English author and educator

Gervase Phinn (born 27 December 1946) is an English author and educator. After a career as a teacher he became a schools inspector and, latterly, Visiting Professor of Education at the University of Teesside. He graduated from Leeds Trinity University in 1970 with a degree in Education.

He has published five volumes of memoir, collections of poetry and a number of books about education. He has a particular interest in children's literature and literacy.

==Career==
Phinn taught in a range of schools for fourteen years before becoming an education adviser and school inspector. He is now:
- a freelance lecturer, broadcaster and writer
- President of the School Library Association for 2006–2009
- a consultant for the Open University
- Honorary Fellow of York St John University
- Doctor of Letters of the University of Leicester
- Fellow and Visiting Professor of Education at The University of Teesside.

==Bibliography==
He has published many articles, chapters and books and edited a range of poetry and short story collections.

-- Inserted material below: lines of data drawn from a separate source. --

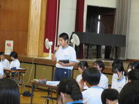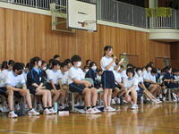 スポーツテストのあと、体育館にて前期任命式を行いました。全学級の学級委員が呼名され、代表のリーダー会長の尾上くんが校長先生より任命状をもらいました。いよいよ、本格的に各学年・学級の動きが始まっていきます!
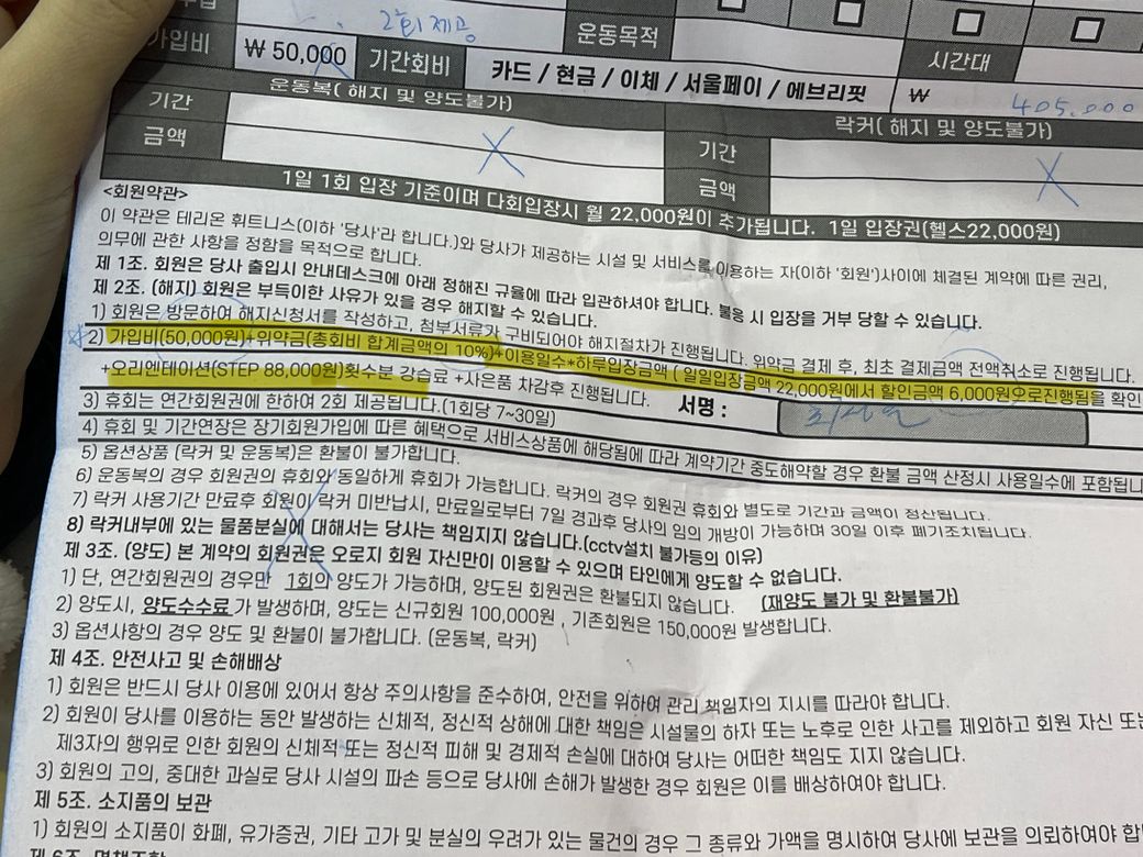 헬스장 6개월 가입한지 일주일조금 지났고 환불 하고싶은데 가입비도 빠지는게 정상인가요ⵈ? 총 40만원 결제했는데
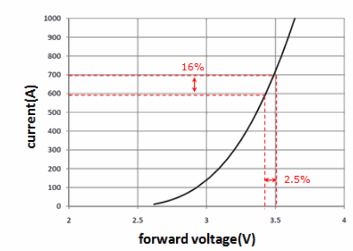 Hasta ahora, ha sido necesario controlar los LED con una corriente constante. Cuando el voltaje directo de un controlador LED aumenta en un 2.5%, la corriente de salida correspondiente aumenta en un 16%.
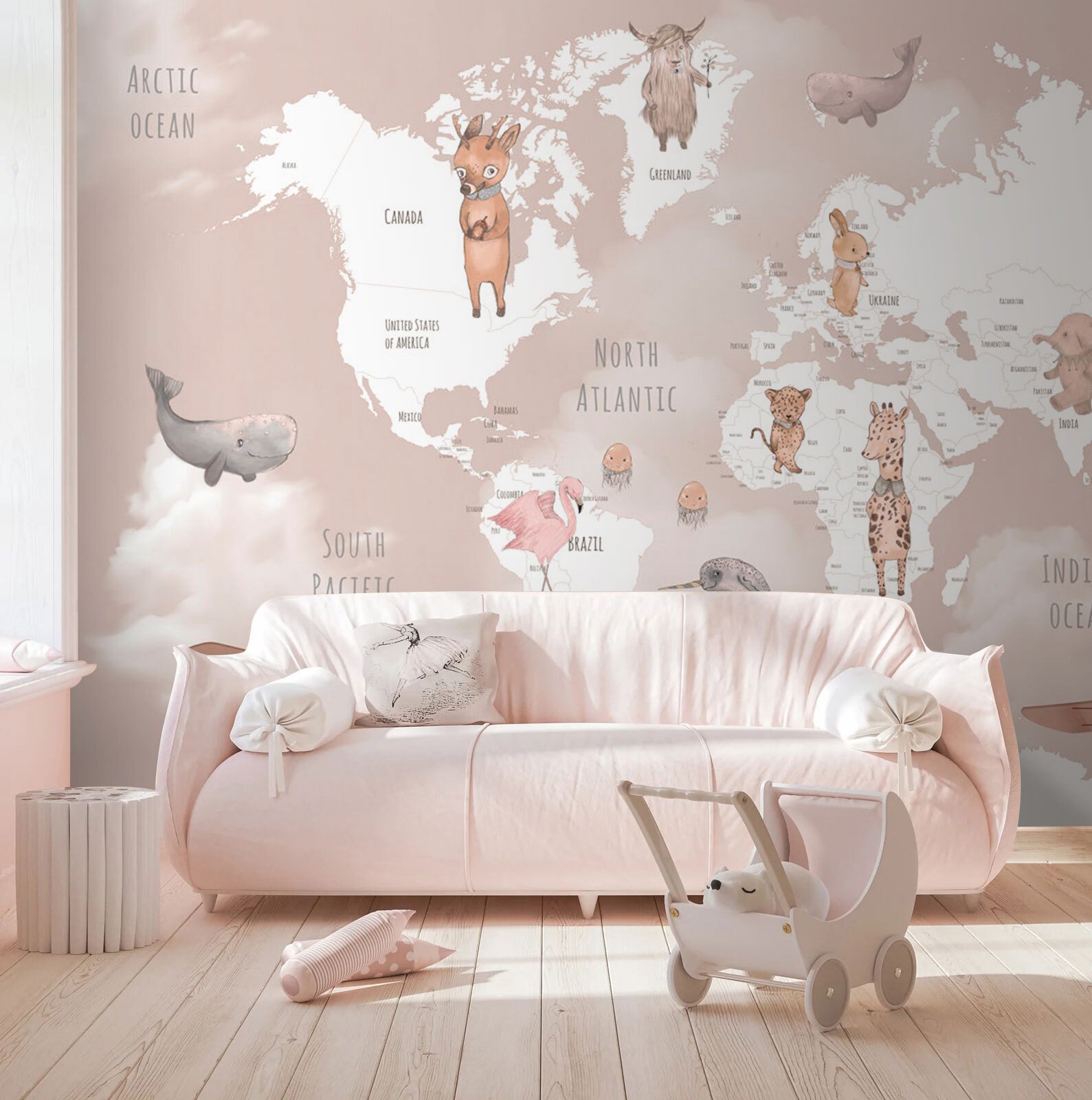 Vous cherchez quelque chose pour embellir la chambre de votre enfant ? Jetez un coup d’œil à cette adorable peinture murale, “Cartoon of a Deer” (dessin animé d’un cerf). Parfaite pour ajouter une touche ludique à n’importe quel espace, il ne s’agit pas seulement d’une jolie image, mais d’une carte du monde entière parsemée d’animaux fantasques. Imaginez une girafe curieuse accueillant votre enfant tous les matins – c’est ainsi que l’on suscite l’aventure !

His academic texts include:
- Young Readers and their Books, published by David Fulton* Touches of Beauty: Poetry in the Primary School and Reading Matters

He has published collections of his own plays, poems, picture books and short stories, including his anthologies of verse:
- Classroom Creatures
- It Takes One to Know One
- The Day Our Teacher Went Batty
- Family Phantoms

Books of stories for children:
- What's the Matter, Royston Knapper?
- Royston Knapper: The Return of the Rogue
- Our Cat Cuddles (a picture book)

===Dales series===
Phinn is probably best known for his memoirs, many of which he has read as audiobooks:

- The Other Side of the Dale (1998, Michael Joseph)
- Over Hill and Dale (2000, Michael Joseph)
- Head Over Heels in the Dales (2002, Michael Joseph)
- Up and Down in the Dales (2004, Michael Joseph)
- The Heart of the Dales (2007, Michael Joseph)

===Associated books===
- A Wayne in a Manger

===Others===
- All These Lonely People (2009, Penguin Books)
- Out of the Woods but Not Over the Hill (2010, Hodder & Stoughton)
- The Little Village School (2011, Hodder & Stoughton)
- Trouble at the Little Village School (2012, Hodder & Stoughton)
- The School Inspector Calls! (2014, Hodder & Stoughton)
- A Lesson in Love (2015, Hodder & Stoughton)
- Secrets at the Little Village School (2016, Hodder & Stoughton)
- Road to the Dales – The story of a Yorkshire Lad (2010, Penguin) – a memoir of his early childhood

==Television and radio appearances==
- Esther (BBC1)
- Midweek (BBC Radio 4)
- You and Yours (BBC Radio 4)
- Open House with Gloria Hunniford (ITV)
- North East Tonight (Tyne Tees Television)
- Today programme (BBC Radio 4)
- Calendar (Yorkshire Television)
- Breakfast Television (BBC1)
- The Heaven and Earth Show (BBC 2)
- The Des O'Connor Show (LWT)
- Quote... Unquote (BBC Radio 4)
- Look North (BBC 1)
- The Big Toe Radio Show (BBC Radio 7)
- Just One Chance (BBC 2)
- Book at Bedtime (BBC Radio 4)
- Book of the Week (BBC Radio 4)
- A Good Read (BBC Radio 4)

==Honours==
In 2004 Gervase Phinn received "The Speaker of the Year Award" from the Association of Speakers' Clubs. Up and Down in the Dales, won the Customer Choice Award at the Spoken Book Awards.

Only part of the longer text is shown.